What the exercise asks
The data below should be retyped exactly, with the pictures left out.

Provided records
=== Section Start ===

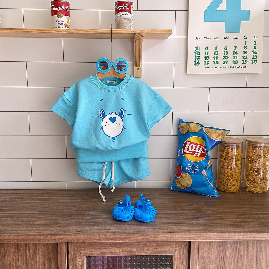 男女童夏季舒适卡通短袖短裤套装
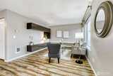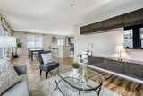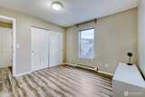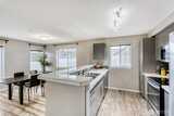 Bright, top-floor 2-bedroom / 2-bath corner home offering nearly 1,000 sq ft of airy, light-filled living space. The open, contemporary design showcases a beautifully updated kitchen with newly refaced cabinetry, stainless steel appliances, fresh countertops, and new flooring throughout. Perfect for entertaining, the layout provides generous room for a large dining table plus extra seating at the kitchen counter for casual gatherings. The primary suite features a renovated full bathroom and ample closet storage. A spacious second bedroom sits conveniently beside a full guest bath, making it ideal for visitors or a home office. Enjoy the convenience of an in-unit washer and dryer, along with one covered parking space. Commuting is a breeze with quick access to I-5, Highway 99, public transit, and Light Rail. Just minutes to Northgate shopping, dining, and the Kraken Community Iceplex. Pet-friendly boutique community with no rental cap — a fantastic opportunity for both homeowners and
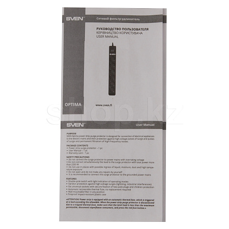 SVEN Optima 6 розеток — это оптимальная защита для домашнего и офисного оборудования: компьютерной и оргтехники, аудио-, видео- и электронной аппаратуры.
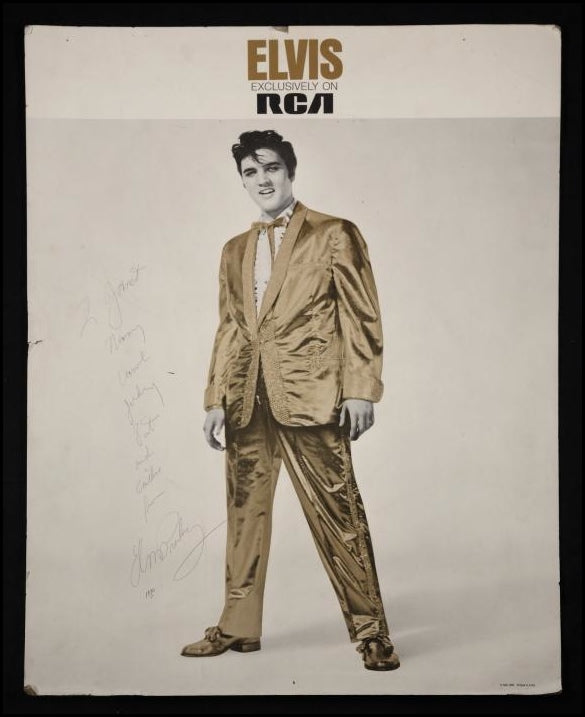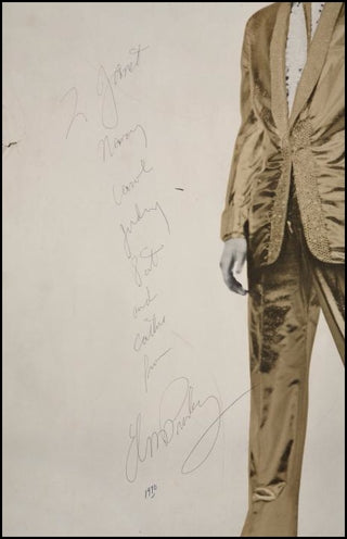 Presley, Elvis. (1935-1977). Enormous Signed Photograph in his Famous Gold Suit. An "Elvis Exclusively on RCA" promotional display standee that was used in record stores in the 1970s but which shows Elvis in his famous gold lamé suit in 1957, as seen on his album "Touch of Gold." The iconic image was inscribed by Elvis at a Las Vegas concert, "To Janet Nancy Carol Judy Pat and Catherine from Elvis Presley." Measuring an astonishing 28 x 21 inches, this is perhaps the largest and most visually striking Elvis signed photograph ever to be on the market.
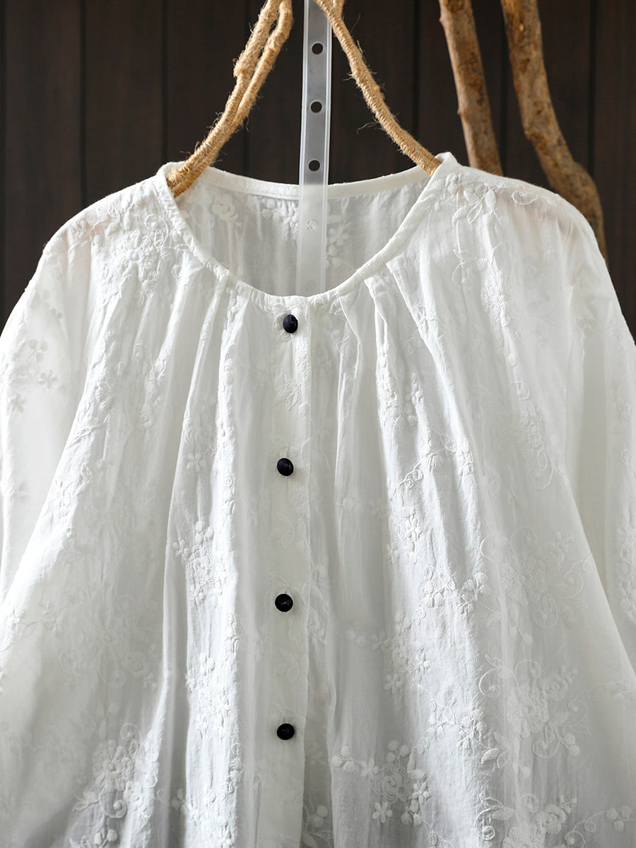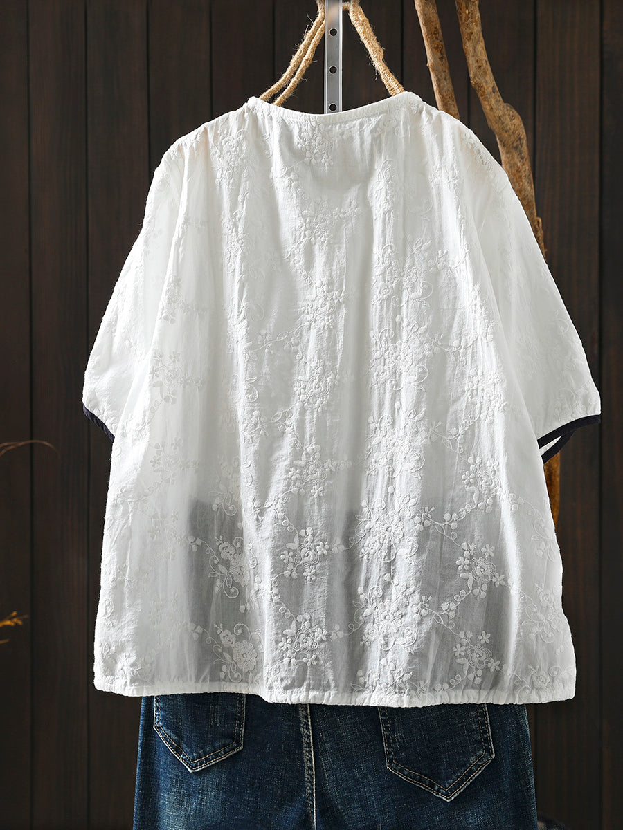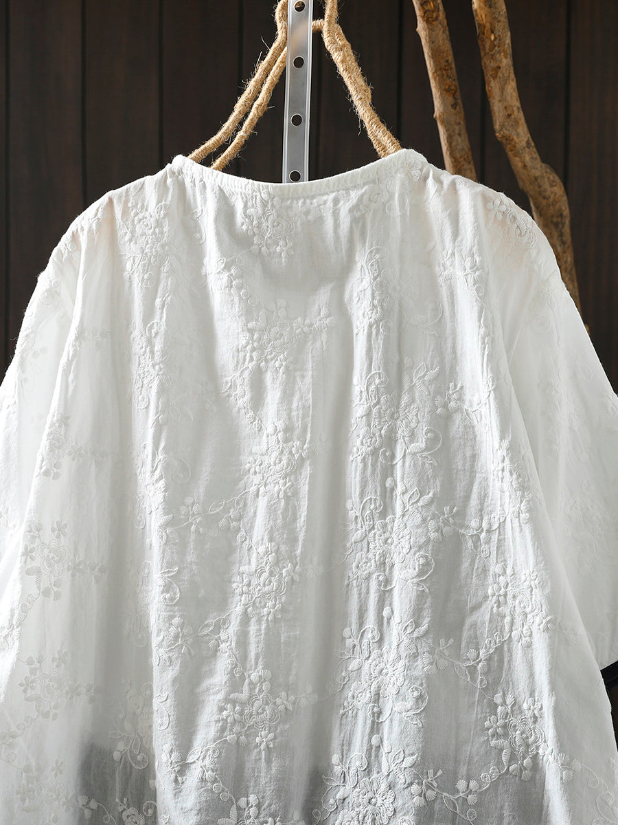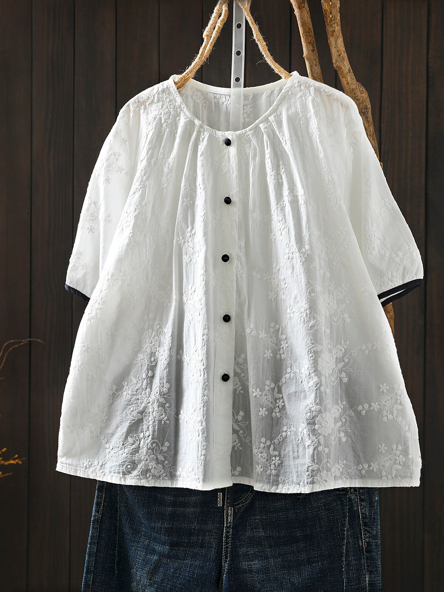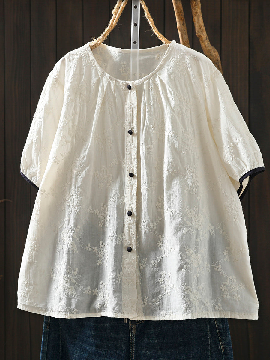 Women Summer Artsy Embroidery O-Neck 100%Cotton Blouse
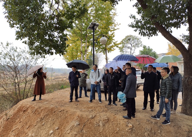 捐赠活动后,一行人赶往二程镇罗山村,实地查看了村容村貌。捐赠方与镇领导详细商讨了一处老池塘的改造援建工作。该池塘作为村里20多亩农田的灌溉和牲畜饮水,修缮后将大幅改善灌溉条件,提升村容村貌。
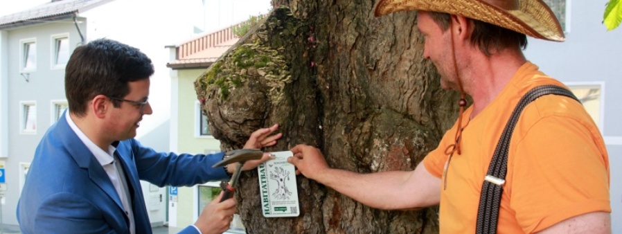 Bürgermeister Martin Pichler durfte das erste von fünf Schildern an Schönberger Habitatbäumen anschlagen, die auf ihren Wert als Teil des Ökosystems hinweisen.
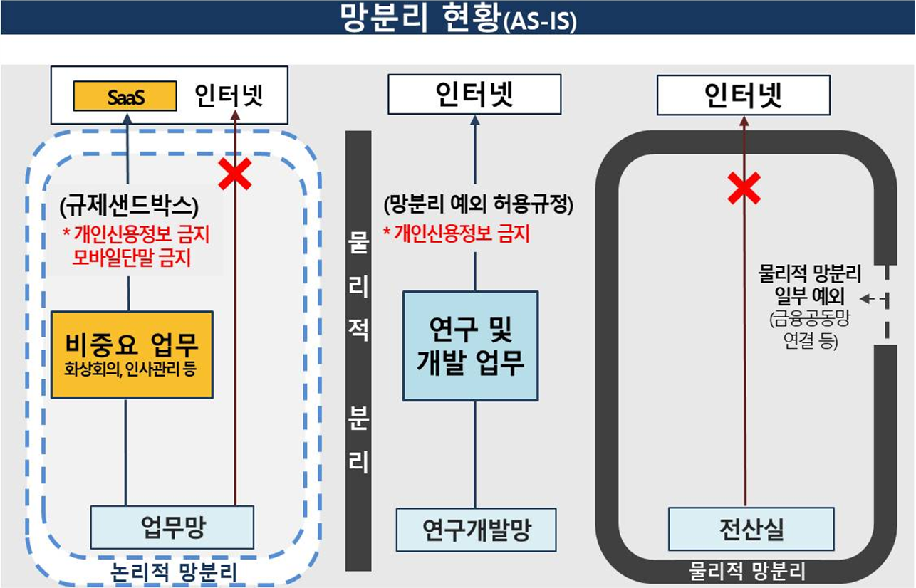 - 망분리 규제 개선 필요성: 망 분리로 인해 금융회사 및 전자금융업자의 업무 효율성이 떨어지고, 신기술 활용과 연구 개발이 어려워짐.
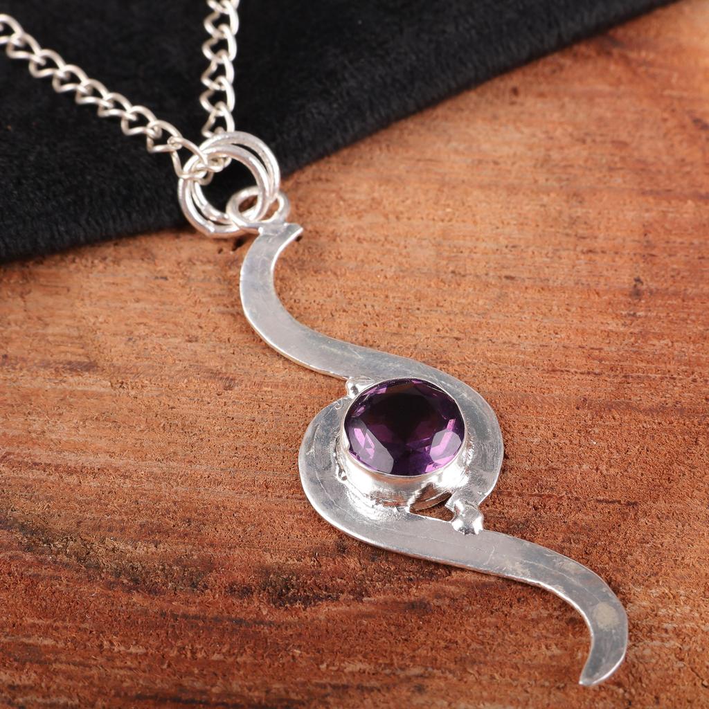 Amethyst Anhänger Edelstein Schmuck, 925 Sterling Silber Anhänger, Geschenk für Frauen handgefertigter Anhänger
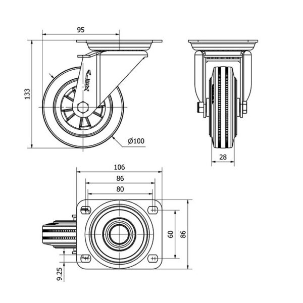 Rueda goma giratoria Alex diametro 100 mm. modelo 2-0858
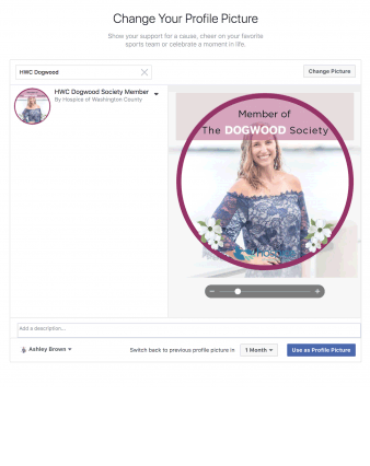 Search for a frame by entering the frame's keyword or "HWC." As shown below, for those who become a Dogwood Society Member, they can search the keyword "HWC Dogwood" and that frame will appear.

=== Section End ===

Completed task
 男女童夏季舒适卡通短袖短裤套装
 Bright, top-floor 2-bedroom / 2-bath corner home offering nearly 1,000 sq ft of airy, light-filled living space. The open, contemporary design showcases a beautifully updated kitchen with newly refaced cabinetry, stainless steel appliances, fresh countertops, and new flooring throughout. Perfect for entertaining, the layout provides generous room for a large dining table plus extra seating at the kitchen counter for casual gatherings. The primary suite features a renovated full bathroom and ample closet storage. A spacious second bedroom sits conveniently beside a full guest bath, making it ideal for visitors or a home office. Enjoy the convenience of an in-unit washer and dryer, along with one covered parking space. Commuting is a breeze with quick access to I-5, Highway 99, public transit, and Light Rail. Just minutes to Northgate shopping, dining, and the Kraken Community Iceplex. Pet-friendly boutique community with no rental cap — a fantastic opportunity for both homeowners and
 SVEN Optima 6 розеток — это оптимальная защита для домашнего и офисного оборудования: компьютерной и оргтехники, аудио-, видео- и электронной аппаратуры.
 Presley, Elvis. (1935-1977). Enormous Signed Photograph in his Famous Gold Suit. An "Elvis Exclusively on RCA" promotional display standee that was used in record stores in the 1970s but which shows Elvis in his famous gold lamé suit in 1957, as seen on his album "Touch of Gold." The iconic image was inscribed by Elvis at a Las Vegas concert, "To Janet Nancy Carol Judy Pat and Catherine from Elvis Presley." Measuring an astonishing 28 x 21 inches, this is perhaps the largest and most visually striking Elvis signed photograph ever to be on the market.
 Women Summer Artsy Embroidery O-Neck 100%Cotton Blouse
 捐赠活动后,一行人赶往二程镇罗山村,实地查看了村容村貌。捐赠方与镇领导详细商讨了一处老池塘的改造援建工作。该池塘作为村里20多亩农田的灌溉和牲畜饮水,修缮后将大幅改善灌溉条件,提升村容村貌。
 Bürgermeister Martin Pichler durfte das erste von fünf Schildern an Schönberger Habitatbäumen anschlagen, die auf ihren Wert als Teil des Ökosystems hinweisen.
 - 망분리 규제 개선 필요성: 망 분리로 인해 금융회사 및 전자금융업자의 업무 효율성이 떨어지고, 신기술 활용과 연구 개발이 어려워짐.
 Amethyst Anhänger Edelstein Schmuck, 925 Sterling Silber Anhänger, Geschenk für Frauen handgefertigter Anhänger
 Rueda goma giratoria Alex diametro 100 mm. modelo 2-0858
 Search for a frame by entering the frame's keyword or "HWC." As shown below, for those who become a Dogwood Society Member, they can search the keyword "HWC Dogwood" and that frame will appear.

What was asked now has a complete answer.